## Task requirements:
Every entry below should be printed exactly, without its images.

(Stored entries)
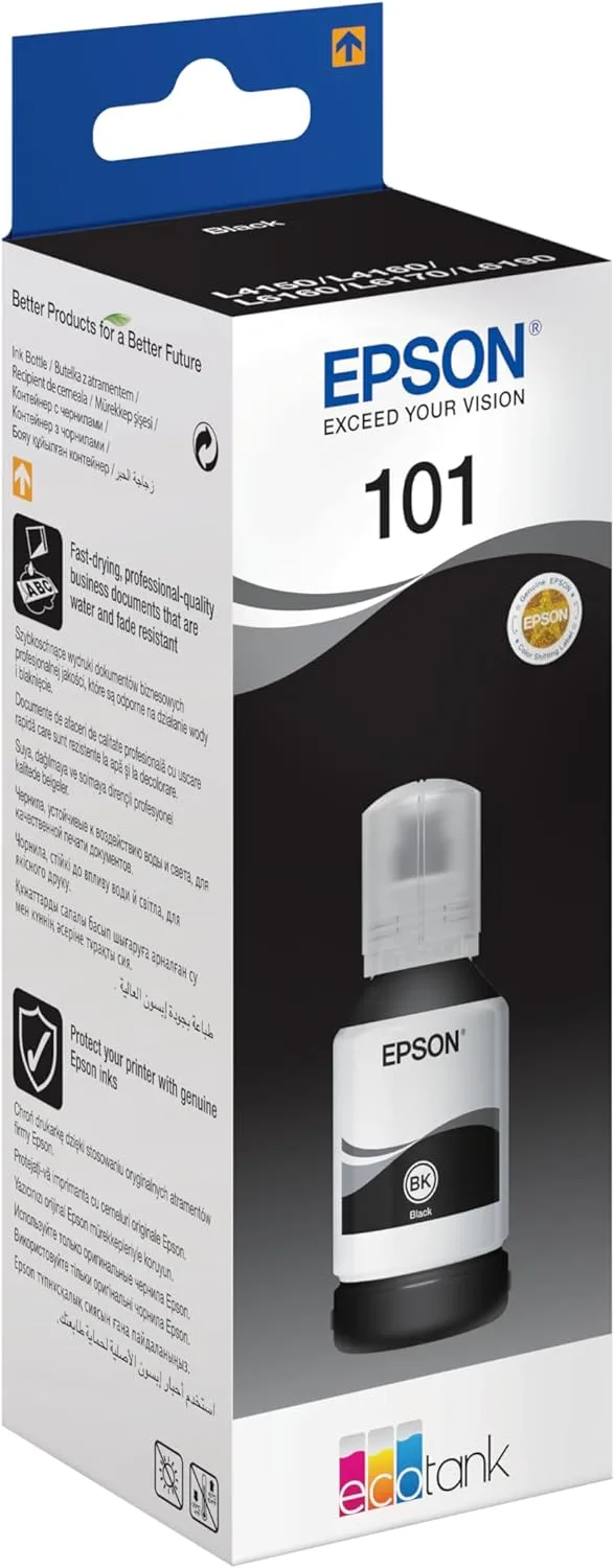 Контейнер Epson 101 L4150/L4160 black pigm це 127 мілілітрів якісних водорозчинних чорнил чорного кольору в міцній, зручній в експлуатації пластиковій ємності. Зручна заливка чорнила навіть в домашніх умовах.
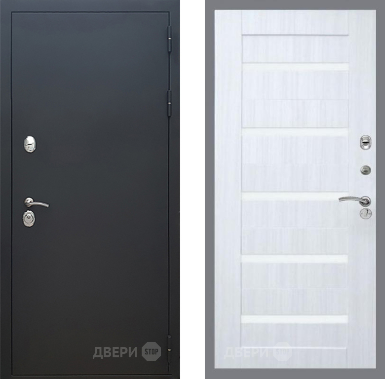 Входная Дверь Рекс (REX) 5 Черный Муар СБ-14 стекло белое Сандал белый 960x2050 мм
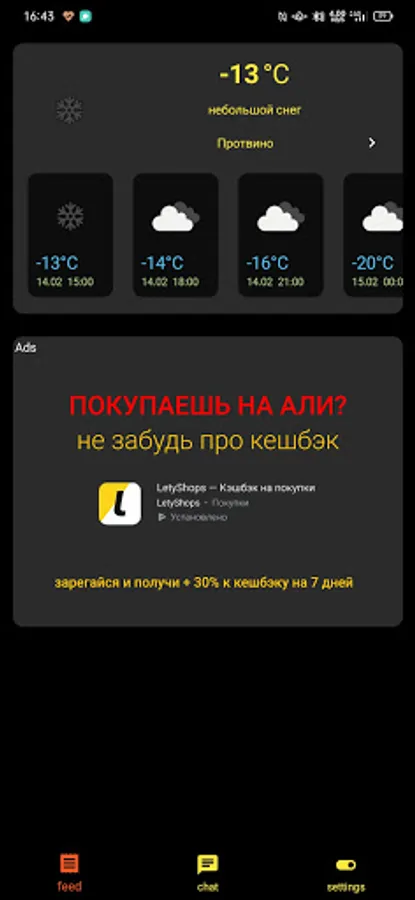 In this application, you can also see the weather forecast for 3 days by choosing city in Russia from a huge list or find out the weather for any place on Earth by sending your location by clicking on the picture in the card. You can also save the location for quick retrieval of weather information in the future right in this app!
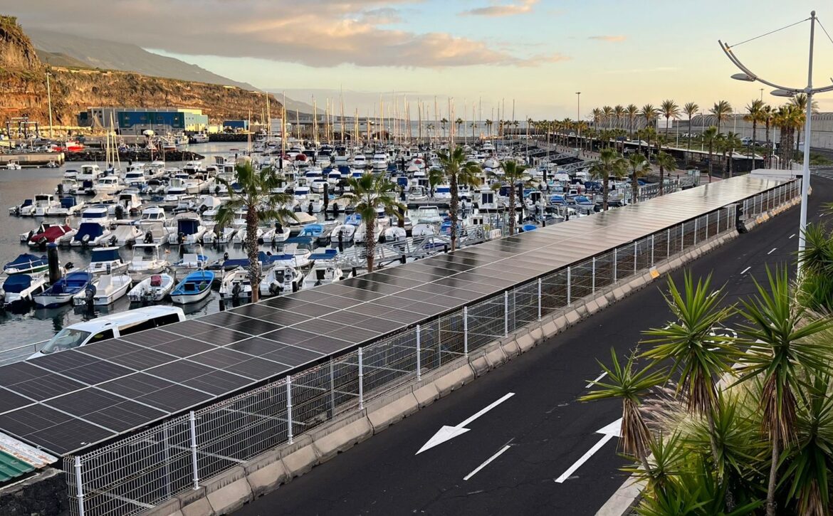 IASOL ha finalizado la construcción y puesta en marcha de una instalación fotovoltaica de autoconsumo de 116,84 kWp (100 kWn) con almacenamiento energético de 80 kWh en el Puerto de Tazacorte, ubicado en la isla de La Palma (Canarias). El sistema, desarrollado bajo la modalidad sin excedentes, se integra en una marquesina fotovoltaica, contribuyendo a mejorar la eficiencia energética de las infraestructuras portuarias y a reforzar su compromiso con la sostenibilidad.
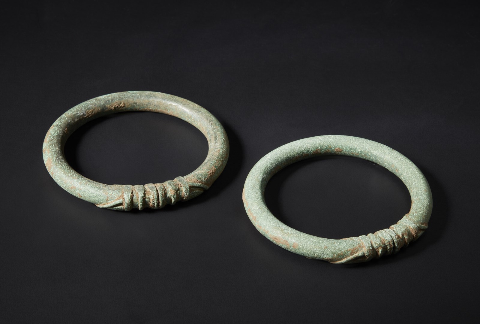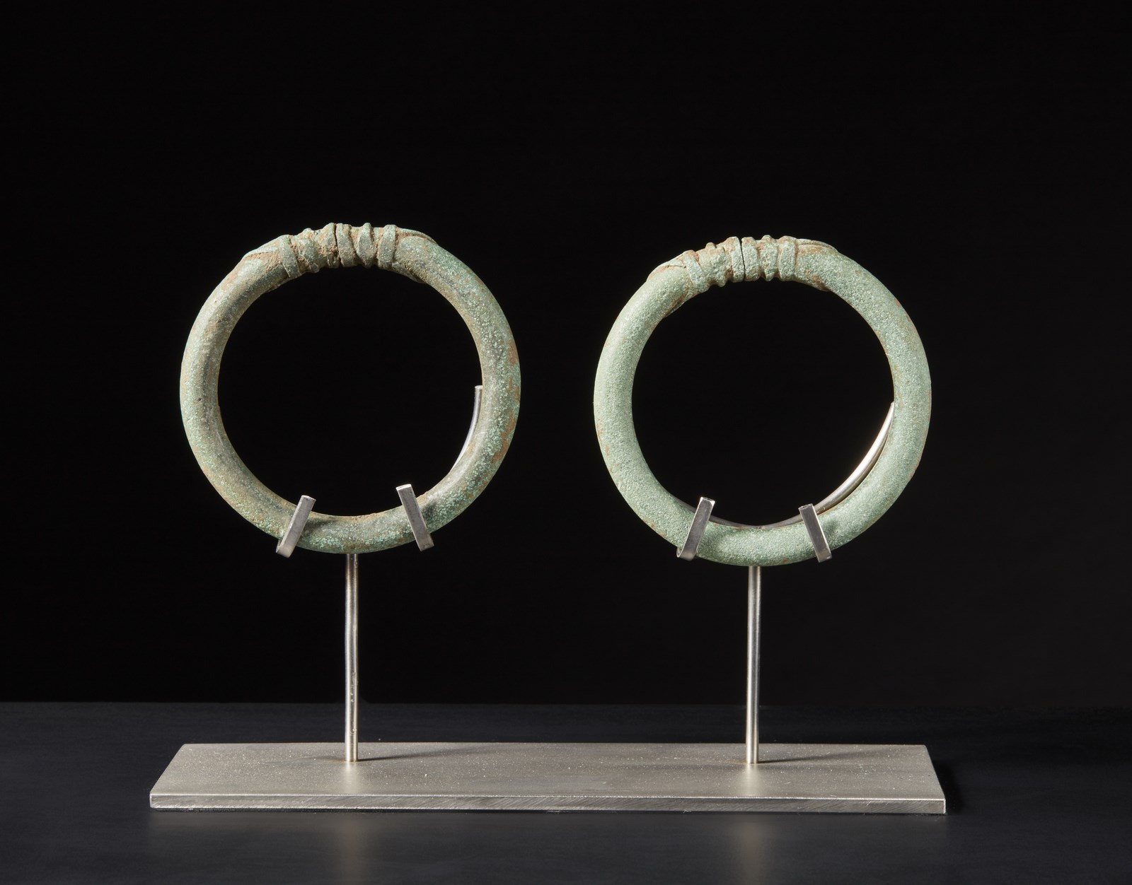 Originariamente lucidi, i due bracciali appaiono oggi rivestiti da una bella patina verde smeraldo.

## Output below:
 Контейнер Epson 101 L4150/L4160 black pigm це 127 мілілітрів якісних водорозчинних чорнил чорного кольору в міцній, зручній в експлуатації пластиковій ємності. Зручна заливка чорнила навіть в домашніх умовах.
 Входная Дверь Рекс (REX) 5 Черный Муар СБ-14 стекло белое Сандал белый 960x2050 мм
 In this application, you can also see the weather forecast for 3 days by choosing city in Russia from a huge list or find out the weather for any place on Earth by sending your location by clicking on the picture in the card. You can also save the location for quick retrieval of weather information in the future right in this app!
 IASOL ha finalizado la construcción y puesta en marcha de una instalación fotovoltaica de autoconsumo de 116,84 kWp (100 kWn) con almacenamiento energético de 80 kWh en el Puerto de Tazacorte, ubicado en la isla de La Palma (Canarias). El sistema, desarrollado bajo la modalidad sin excedentes, se integra en una marquesina fotovoltaica, contribuyendo a mejorar la eficiencia energética de las infraestructuras portuarias y a reforzar su compromiso con la sostenibilidad.
 Originariamente lucidi, i due bracciali appaiono oggi rivestiti da una bella patina verde smeraldo.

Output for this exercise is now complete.